美葉牛川が流れ、水田地帯が広がり、転作田には、メロン・スイカ・そばなどが栽培されています。
バスは国道から農道に入り、雪に埋もれた水田を見渡しながら、美葉牛地区をまわりました。
「○○さんの家があそこにあったけど、もうなくなっているね」「○○さんは農家をやめ、今は息子さんが後を継いでいます」「ここに○○さんの本家と分家があったのだけど」・・・50年以上前の面影が皆さんの心に懐かしく蘇ってきます。
北竜町美葉牛地区バスツアー
▶ 北海道旅客鉄道(JR北海道)留萌本線「峠下駅」
北海道旅客鉄道(JR北海道)留萌本線「峠下駅」を訪問。
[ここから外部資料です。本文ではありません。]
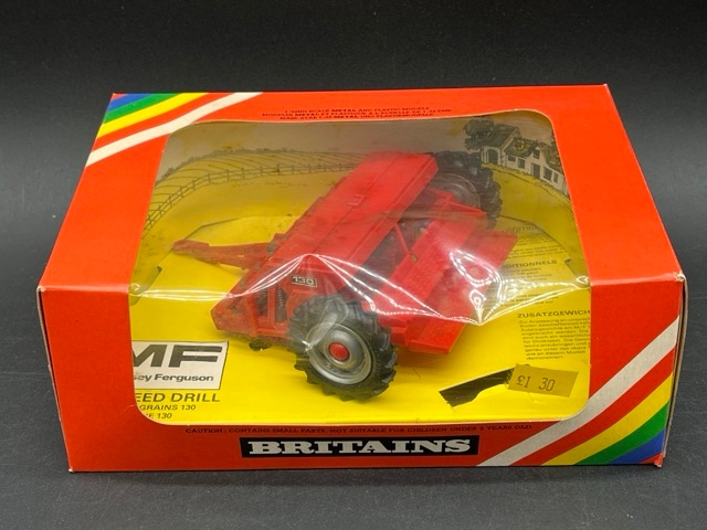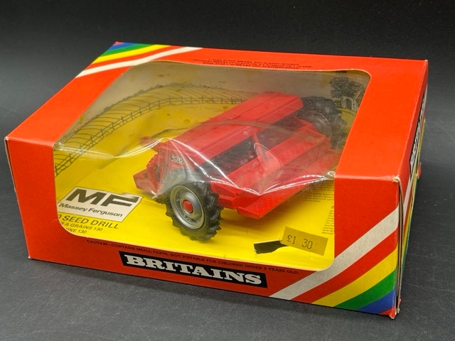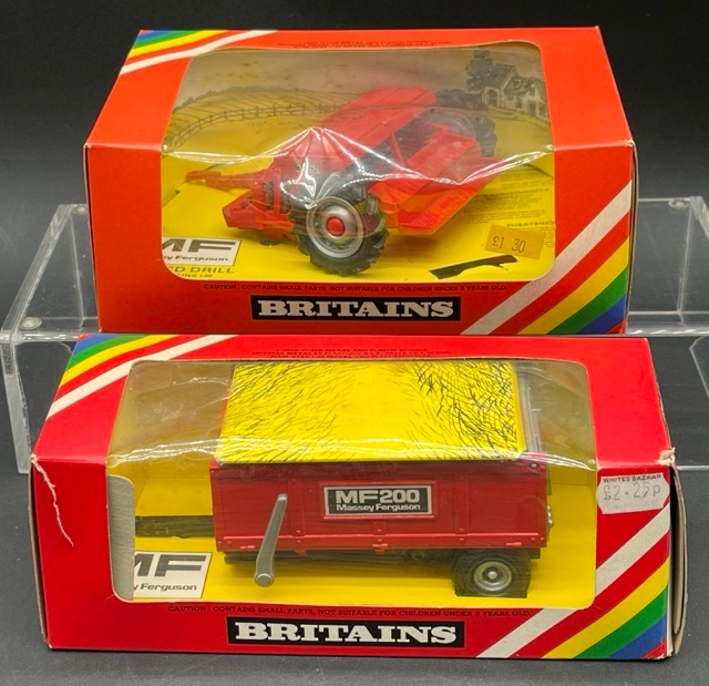 Britains 1:32 Farm Model issue Nos. 9572 Massey Ferguson Trailer; 9577 MF 130 Seed Drill

美葉牛小中学校から峠下駅まで約6.4km。
当時、峠下駅まで峠を超え歩くこと約1時間半。汽車で留萌の海水浴や沼田方面に行商のお手伝いに行っていたそうです。
現在、峠下駅は無人駅で、1日8本程運行されています。
北海道旅客鉄道(JR北海道)留萌本線「峠下駅」
▶ 美葉牛農業研修センター
美葉牛小中学校跡に建設された研修センターで、2014年に耐震工事が完了しリニューアルされました。
現在の美葉牛農業研修センターを見学
明治37年(1904年)当時、本願寺農場であった地に奥美葉牛公立簡易教育所の校舎が建てられ、明治41年(1908年)、御料地(現在の美葉牛農業研修センター)に校舎が移転新築されました。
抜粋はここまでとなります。